(DATASET RECORDS)

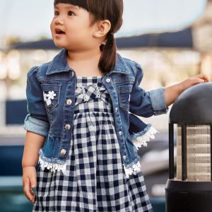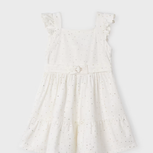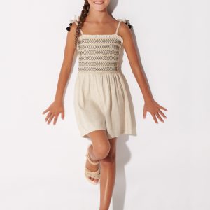 VESTIDO CON MOTIVO BORDADO Y LINO PARA BEBÉ
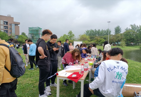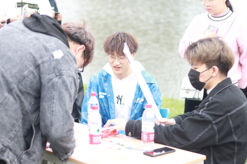 成功领取风筝后,进入“筝寄家国情”风筝创作与放飞环节,同学们充分发挥各自的奇思妙想,用绘画表达自己对于中国共产党的热爱与赞美,“东方雄狮”、“中国雄鸡”等等颇具个人特色的风筝一一出现在了我们眼前,现场洋溢着自由创作的满足感与幸福感。
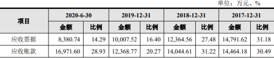 2017年至2020年1-6月,有研粉材应收票据分别为1.48亿元、1.24亿元、1.00亿元、8380.74万元,占流动资产比例分别为31.18%、27.48%、16.40%、14.29%;同期应收账款账面价值分别为1.45亿元、1.40亿元、1.24亿元、1.70亿元,占各期末流动资产的比例分别为30.49%、31.22%、20.27%、28.93%,占当期主营业务收入的比例分别为8.82%、7.81%、7.23%、23.05%。
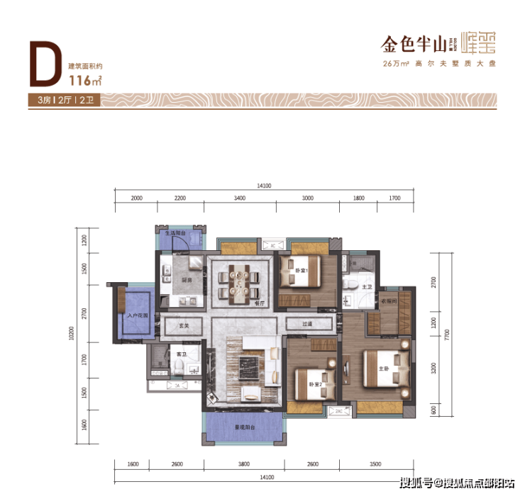 【稀缺台地大洋房】项目依山而建,打造2梯4户,96-141平3房至4房。
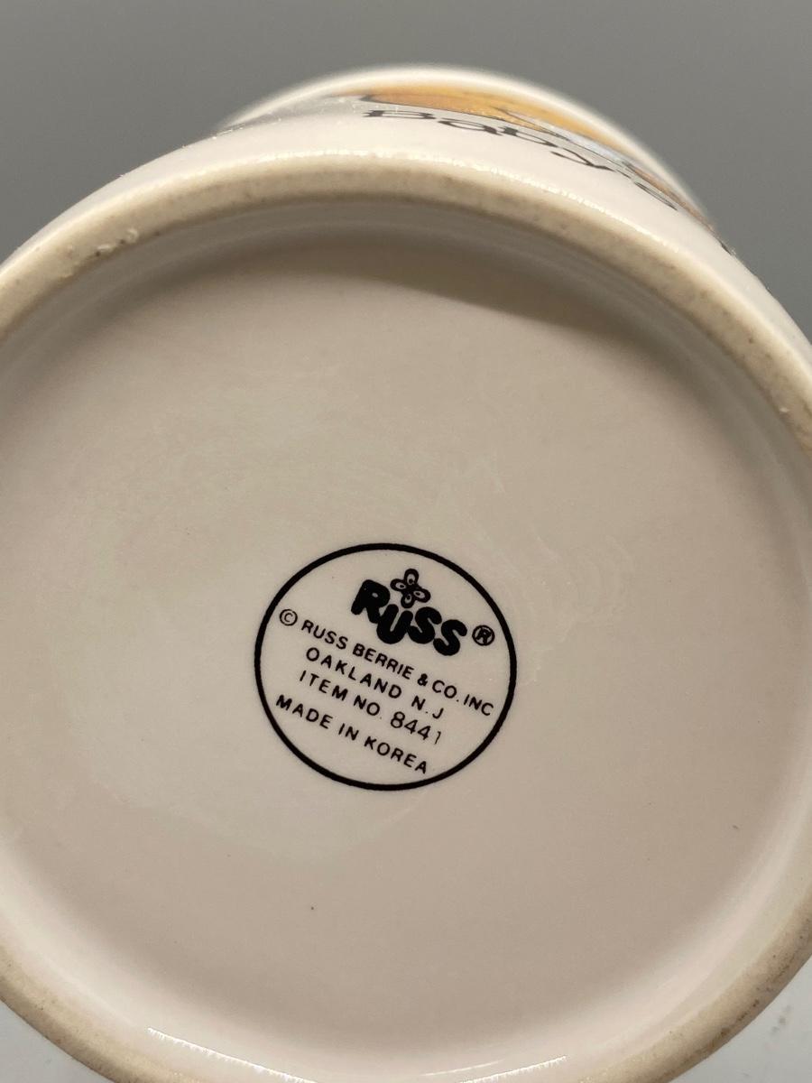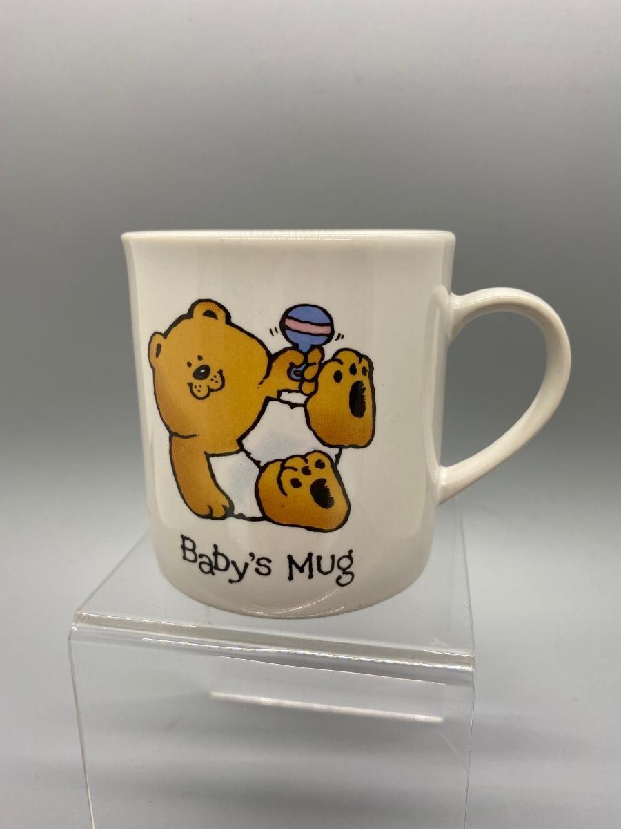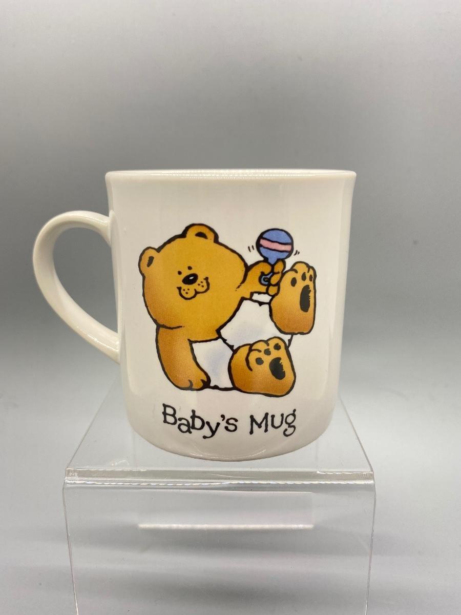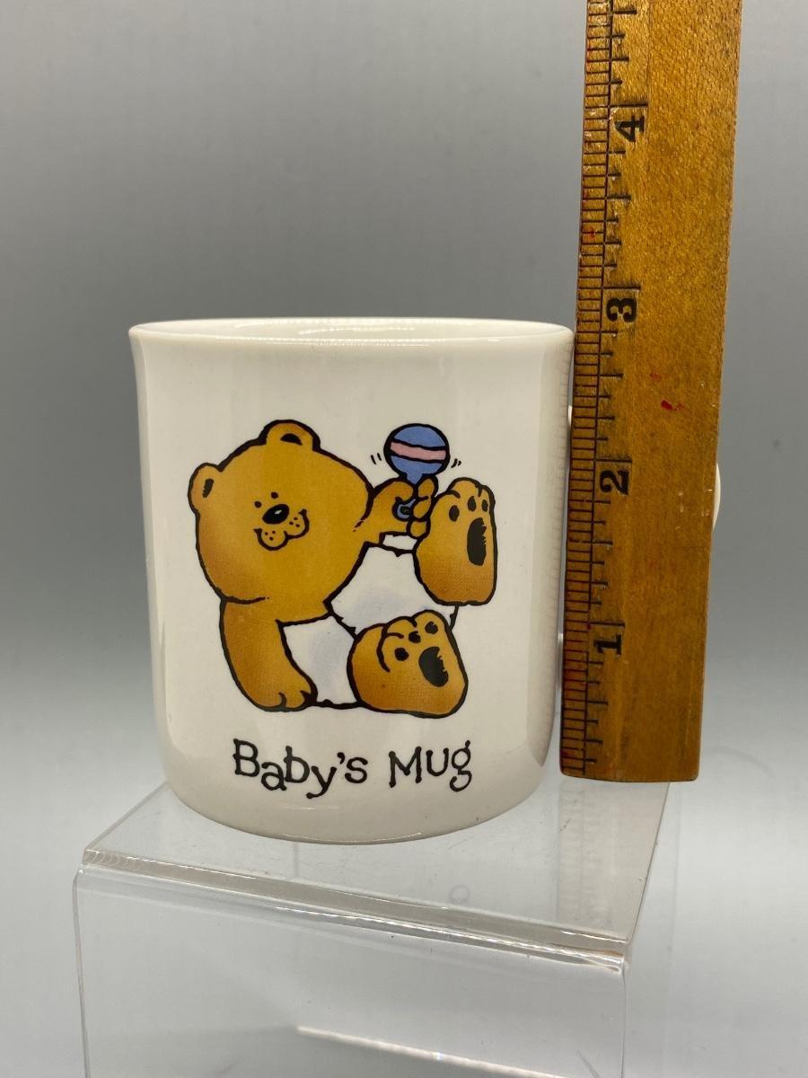 Small mug from Russ. Porcelain cup has a diaper wearing bear with rattle and the word's Baby's Mug underneath. Same image on both sides. Good condition.
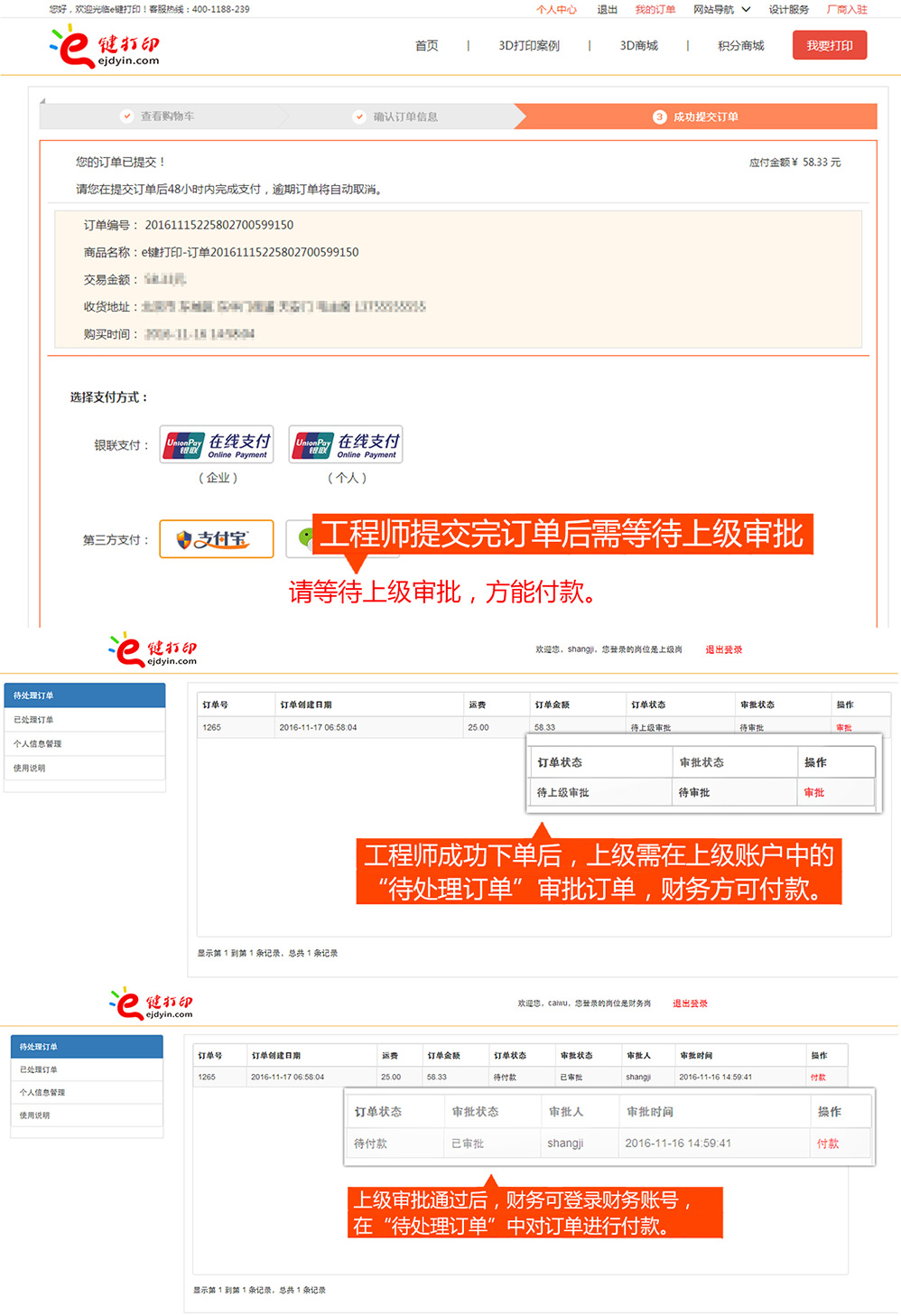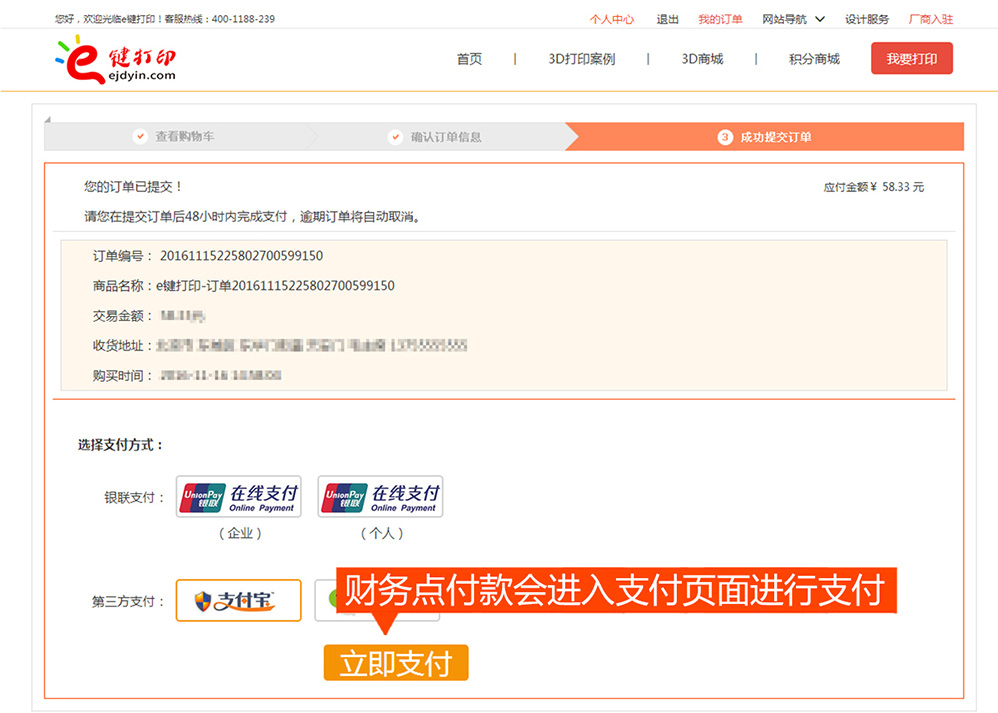 - 最新成交 深圳市3D打印訂單 138****2618 訂單金額¥637.56元 已付款成功
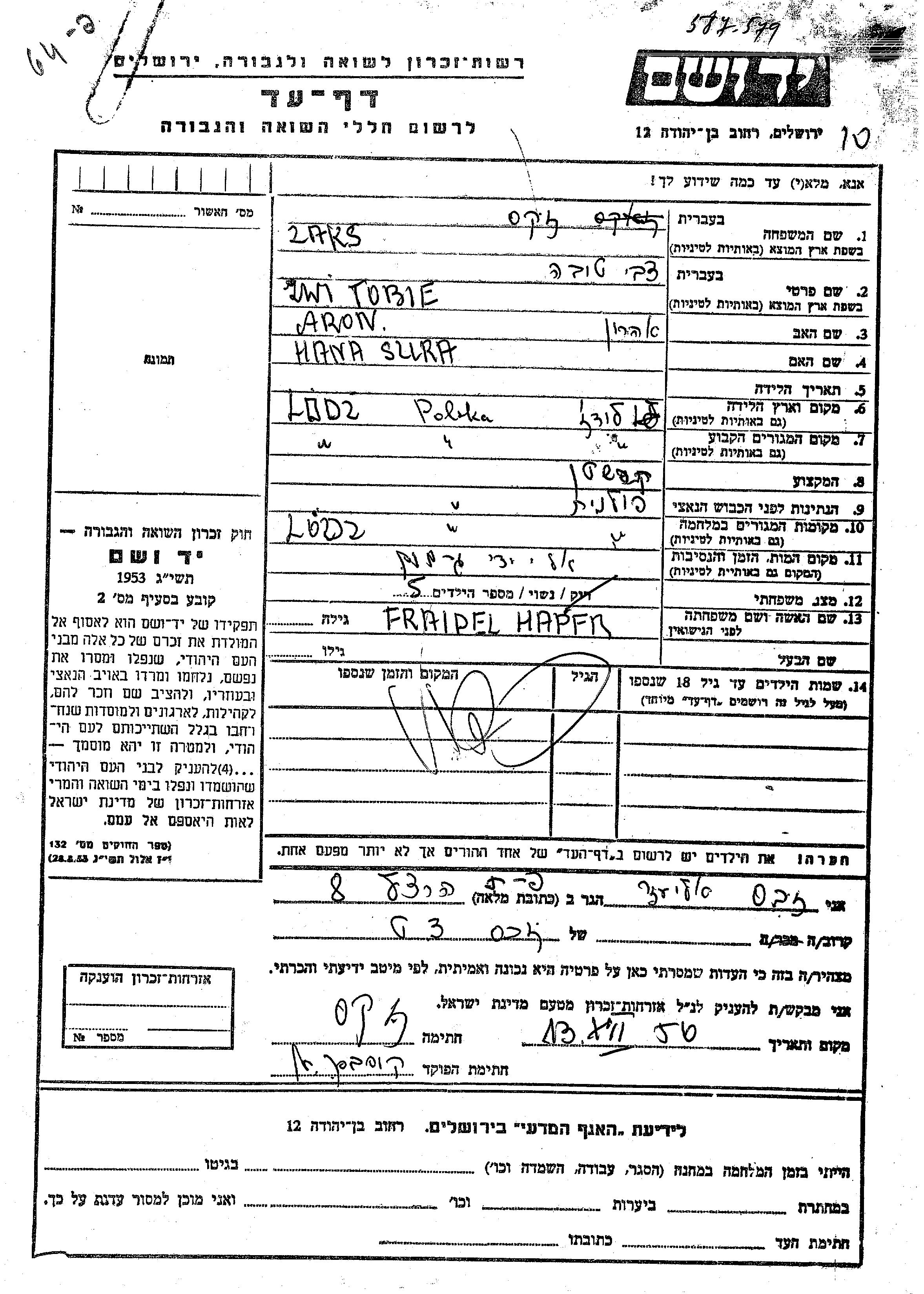 Zwi Tobie Tova Zaks est né à Lodz, Pologne, fils de Aron et de Hana Sura. Il était Bijoutier et Mariée à Fraidel née Haper. Avant la seconde guerre mondiale il vivait à Lodz, Pologne. Au cours de la guerre, il était à Lodz, Pologne.

(End DATASET RECORDS)

◆ ABOUT THIS EXERCISE
What you should return is the exact text of every line from the top of the entries through the line with "- 最新成交 深圳市3D打印訂單", pictures removed.

◆ WRITTEN ANSWER
 VESTIDO CON MOTIVO BORDADO Y LINO PARA BEBÉ
 成功领取风筝后,进入“筝寄家国情”风筝创作与放飞环节,同学们充分发挥各自的奇思妙想,用绘画表达自己对于中国共产党的热爱与赞美,“东方雄狮”、“中国雄鸡”等等颇具个人特色的风筝一一出现在了我们眼前,现场洋溢着自由创作的满足感与幸福感。
 2017年至2020年1-6月,有研粉材应收票据分别为1.48亿元、1.24亿元、1.00亿元、8380.74万元,占流动资产比例分别为31.18%、27.48%、16.40%、14.29%;同期应收账款账面价值分别为1.45亿元、1.40亿元、1.24亿元、1.70亿元,占各期末流动资产的比例分别为30.49%、31.22%、20.27%、28.93%,占当期主营业务收入的比例分别为8.82%、7.81%、7.23%、23.05%。
 【稀缺台地大洋房】项目依山而建,打造2梯4户,96-141平3房至4房。
 Small mug from Russ. Porcelain cup has a diaper wearing bear with rattle and the word's Baby's Mug underneath. Same image on both sides. Good condition.
 - 最新成交 深圳市3D打印訂單 138****2618 訂單金額¥637.56元 已付款成功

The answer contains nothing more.